Suluguic writes that the band’s quick rise to stardom with such hits as “Paranoid” and “Iron Man” propelled Osbourne into drug and alcohol abuse that lead to infidelity, neglectful parenting, abusive episodes with two wives, and a few near-death experiences over four decades.
“I should’ve been dead a thousand times,” Osbourne says in a telephone interview with Sulugiuc. “I’m not boasting about that. I don’t want people to read my book and think, ‘If he can do it then I can.’ I’m a very lucky guy to be alive. Drugs and alcohol were fun but there is also a very bad side about it. I don’t do it anymore.”

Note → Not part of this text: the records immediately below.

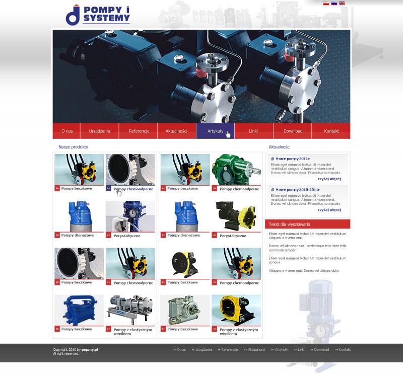 Opracowaliśmy nowy wygląd strony głównej serwisu oraz przygotowaliśmy tematycznie powiązane podstrony wraz z animacjami. link do strony: www.pompy.pl |
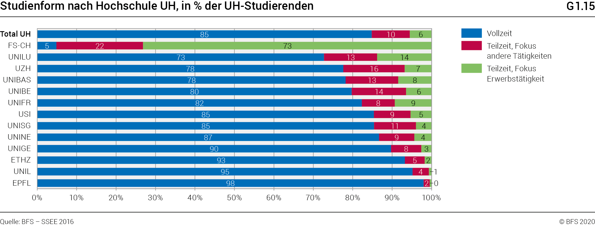 Bei den UH sind die Vollzeitstudierenden an der Eidgenössischen Technischen Hochschule Lausanne (EPFL), der Universität Lausanne (UNIL), der Eidgenössischen Technischen Hochschule Zürich (ETHZ) und der Universität Genf (UNIGE) übervertreten. Untervertreten sind sie hingegen an der Universität Luzern (UNILU), der Universität Zürich (UZH), der Universität Basel (UNIBAS) und der Universität Bern (UNIBE). Die universitären Fernstudien Schweiz (FS-CH) stellen betreffend Studienform einen Sonderfall dar, da die grosse Mehrheit der an dieser Hochschule immatrikulierten Personen Teilzeit studiert. Die Unterschiede zwischen den Hochschulen in der Westschweiz und denjenigen in der Deutschschweiz für ähnliche Resultate auf Basis der Daten des ASBOS-Projekts siehe BFS (2016): Studienintensität und studentische Mobilität. Studienjahre 2013/2014 und 2014/2015. Neuchâtel: BFS. Seite 12 sind auf institutionelle Faktoren (u. a. Angebot der Studienfächer an den Hochschulen) und auf die Merkmale der Studierenden (Durchschnittsalter an den Hochschulen, soziale Herkunft, Migrationshintergrund) zurückzuführen. Möglich wäre aber auch, dass bei den formellen Studienregelungen und dem Studienaufbau regionale Unterschiede bestehen. Diese müssten jedoch genauer untersucht werden.
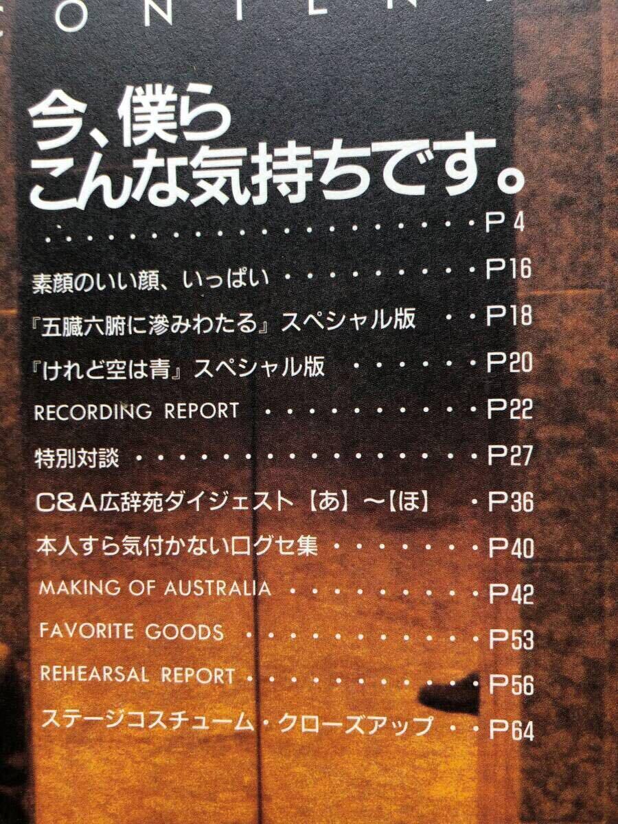 内容は目次の写真をご覧ください。充実していて、読みごたえがありそうです。CHAGEとX JAPANのToshiとの対談もあります。
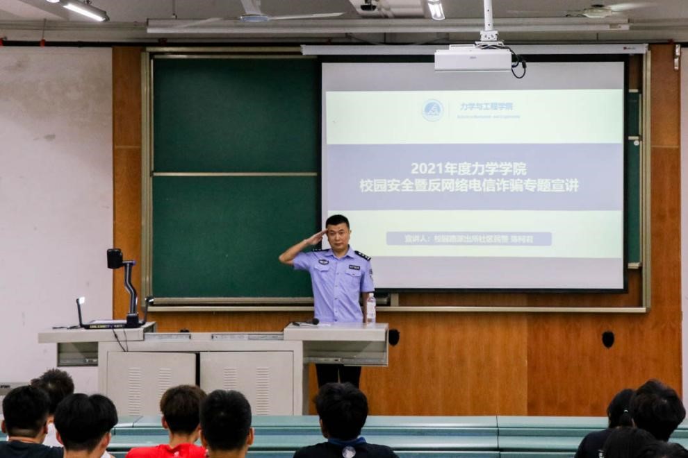 讲坛最后,黄冠翔老师指出,希望同学们谨记陈柯君民警讲解的相关案例和防骗知识,增强自身应对网络电信诈骗能力,并将学到的防诈骗知识分享给同学、家人、朋友,为共筑平安和谐校园、社会贡献自己的力量。
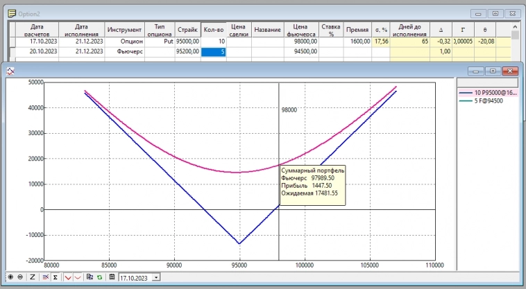 Судя по исходным вводным, у Вас купленный стреддл на страйке 95000 с текущей прибылью около 17500
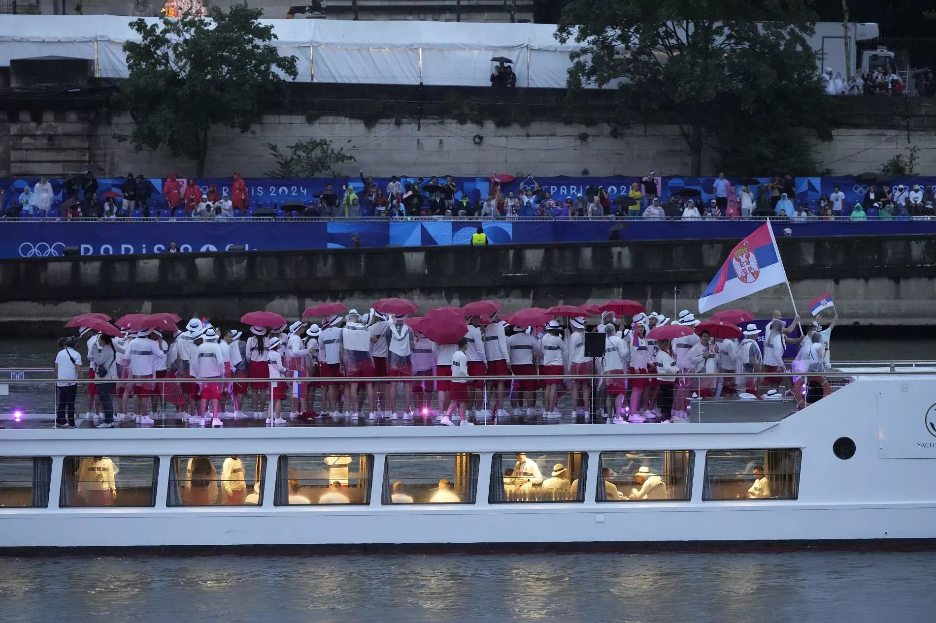 Zatim su se ređali timovi iz različitih zemalja, svi sportisti su na velikim brodovima. Ljudi su izašli na sve terase okolnih zgrada, oni najbolje uživaju u Parizu.
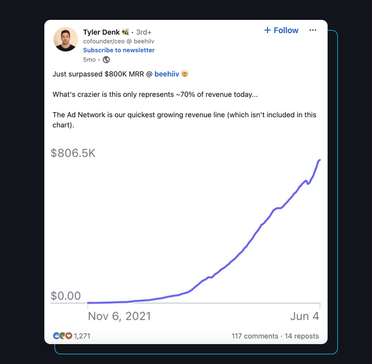 Look, I know Beehiv is a huge success story, but this personal branding route isn't exclusive to VC-backed SaaS.
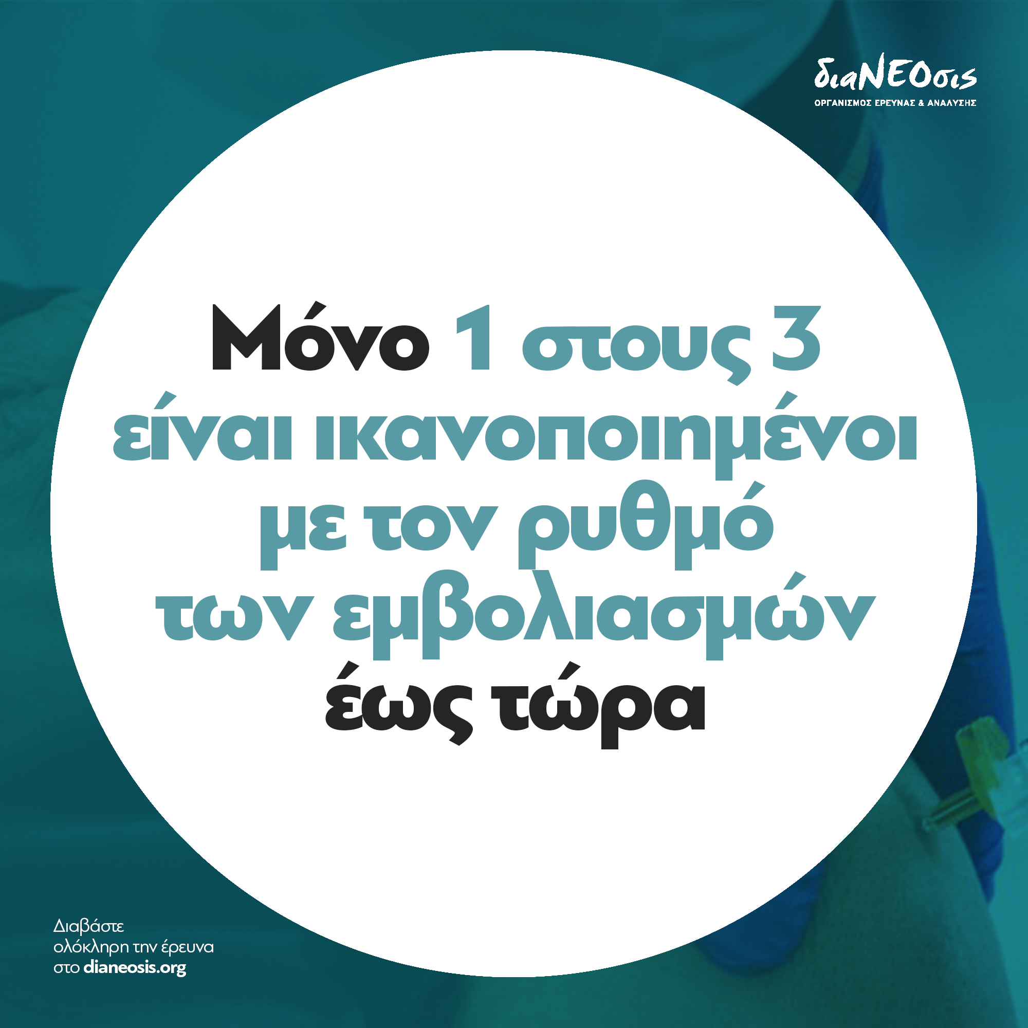 Μόνο 1 στους 3 είναι ικανοποιημένοι με τον ρυθμό των εμβολιασμών έως τώρα.
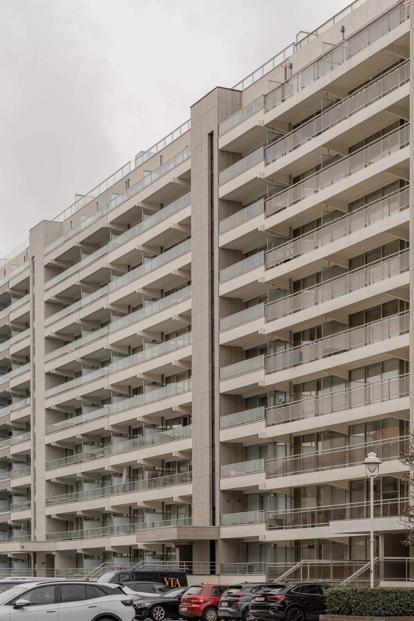 Living by the sea has a certain romantic charm but also, on a material level, requires buildings with high resistance to the climate and coastal environment. In Nieuwpoort, one of the largest ports in the North Sea, the residential project Meeuwenbank II, designed by architect Ignace Deconinck, offers a refined architectural response to this setting. “The intervention on the façade focused on enhancing both durability and visual coherence, ensuring the building can withstand the demanding conditions of the maritime climate without compromising on a contemporary and elegant identity,” he explains.
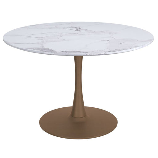 View full detailsZilo 40" Round Dining Table in White Faux Marble and Aged Gold
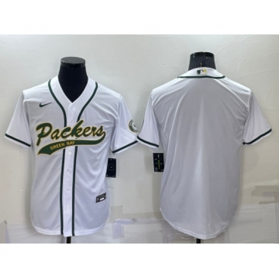 Men's Green Bay Packers Blank White Stitched MLB Cool Base Nike Baseball Jersey

“Whatever I did, I did,” he says. “Everybody wants to take the road with the pot of gold at the end, but sometimes to get to that you’ve got to go across a few swamps and a few bad things. Would I do it again now? I don’t think so. But I’ve already done it, so I’ve got to accept it.”
Cocaine, hash, LSD, antidepressants and alcohol are recurring themes throughout the book, which was written with Chris Ayres.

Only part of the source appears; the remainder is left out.